Localizado no local de um antigo depósito onde os negros foram escravizados em Montgomery, Alabama, este museu narrativo usa mídia interativa, escultura, videografia e exposições para imergir os visitantes nas vistas e sons do tráfico doméstico de escravos, o terrorismo racial, o Jim Crow. Sul e o maior sistema prisional do mundo.Visuais convincentes e exposições ricas em dados fornecem uma oportunidade única para investigar a de injustiça racial dos EUA e seu legado – para criar conexões dinâmicas entre gerações de americanos impactados pela trágica história da desigualdade racial.
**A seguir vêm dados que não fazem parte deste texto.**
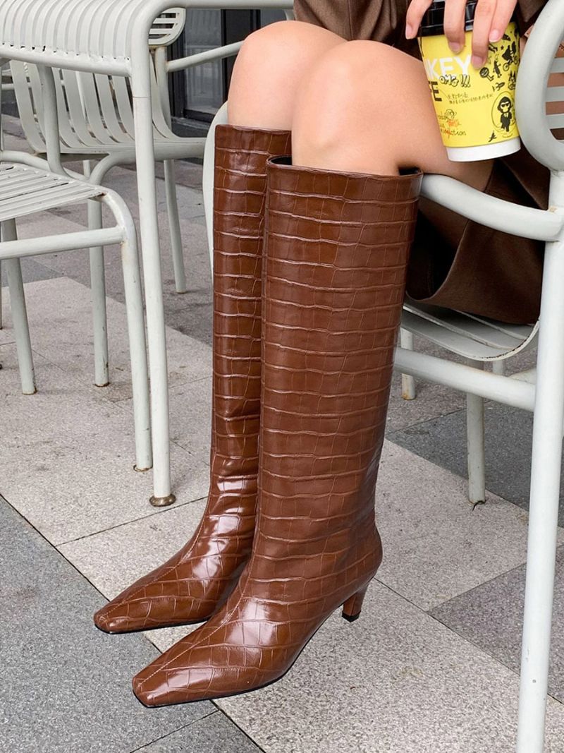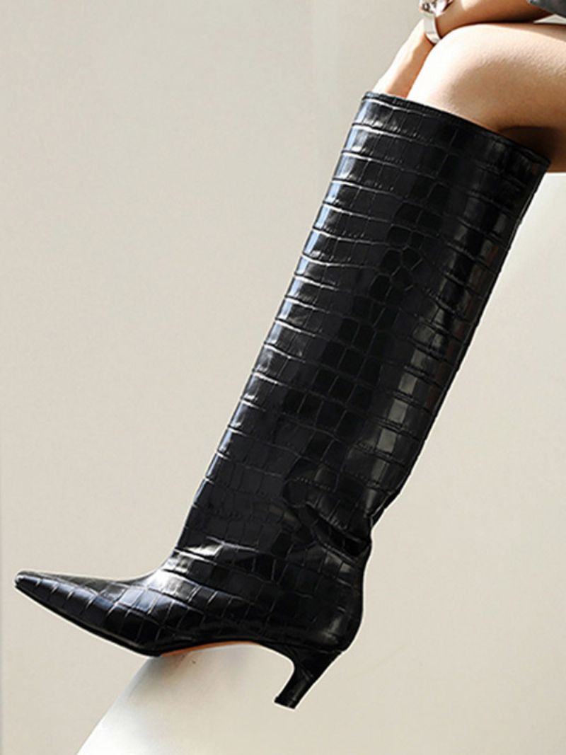 Damskie Buty Do Połowy Łydki Pu Skórzane Ze Szpiczastym Noskiem Na Grubym Obcasie

Mais de 4400 homens, e crianças afro-americanas foram enforcados, queimados vivos, abatidos, afogados e espancados até a morte por multidões brancas entre 1877 e 1950. Milhões de pessoas fugiram do sul como refugiados do terrorismo racial. Até antão, não havia nenhum marco conreto de reconhecimento às vítimas de linchamentos por terrorismo racial. Em um terreno de seis acres no topo de uma colina com vista para Montgomery, o memorial do linchamento nacional é um espaço sagrado para a narração da verdade e a reflexão sobre o racismo nos Estados Unidos e seu legado.
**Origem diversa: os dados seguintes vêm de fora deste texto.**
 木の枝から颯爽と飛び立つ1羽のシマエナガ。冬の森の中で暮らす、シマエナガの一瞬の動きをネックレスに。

O “Memorial Nacional Para Justiça E Paz” (National Memorial For Peace And Justice) inaugurado no último dia 25 de abril na Montgomery, no Estado do Alabama, foi projetado para homenagear os afro-americanos linchados durante décadas por aqueles que defendiam a supremacia racial branca nos Estados Unidos. Poderíamos também chamá-lo de Memorial do Terror.

O Memorial é uma antiga demanda da comunidade afro-americana para forçar a América a reconhecer uma de suas piores atrocidades direcionada especificamente contra os negros particularmente nos estados do Sul.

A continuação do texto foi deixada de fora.